Closed kbui1993 closed 3 years ago

kbui1993 commented 4 years ago

Hi, I tried testing the code on SVHN, but the test accuracy isn't as high as the one in the paper. For example, on Densenet-40, I managed to get to around 96.5% with 20 epochs, but I expected it to be higher than 98% according to the paper.
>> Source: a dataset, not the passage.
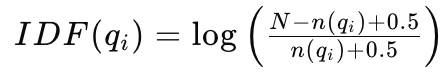 BM25算法Okapi BM25,一般简称 BM25 算法,在 20 世纪 70 年代到 80 年代,由英国一批信息检索领域的计算机科学家发明。这里的 BM 是 “最佳匹配”(Best Match)的缩写,Okapi 是第一个使用这种方法的信息获取系统的名称。在信息检索领域,BM25 算法是工程实践中举足轻重的重要的 Baseline 算法。迄今为止距 BM25 的提出已经过去三十多年,但是这个算法依然在很多信息检索的任务中表现优异,是很多工程师首选的算法之一。 BM25(Best Match 25)是一种用于信息检索的统计算法,主要用于评估搜索词(query)和文档之间的相关性。它基于概率检索模型,通过计算查询词与文档之间的相关性得分来对文档进行排序。BM25算法的核心思想可以概括为以下几点: 1.查询词权重(IDF):BM25使用逆文档频率(Inverse Document Frequency,IDF)来衡量查询词的重要性。IDF的计算公式为:

I tried normalizing as follows to see if it makes a different, but it didn't:

train_loader = torch.utils.data.DataLoader(
        datasets.SVHN('./data.SVHN', split = "train", download = True, transform =transforms.Compose([
                    transforms.ToTensor(), 
                    transforms.Normalize((0.4377, 0.4438, 0.4728), (0.1980, 0.2010, 0.1970)),
                ])),
        batch_size=args.batch_size, shuffle=True, **kwargs)
test_loader = torch.utils.data.DataLoader(
        datasets.SVHN('./data.SVHN', split = "test", download = True, transform = transforms.Compose([
                    transforms.ToTensor(),
                    transforms.Normalize((0.4377, 0.4438, 0.4728), (0.1980, 0.2010, 0.1970)),
                ])),
        batch_size =args.test_batch_size, shuffle = True, **kwargs)

Did you do anything else to SVHN?

Eric-mingjie commented 4 years ago

Sorry, we didn't test our code in SVNH.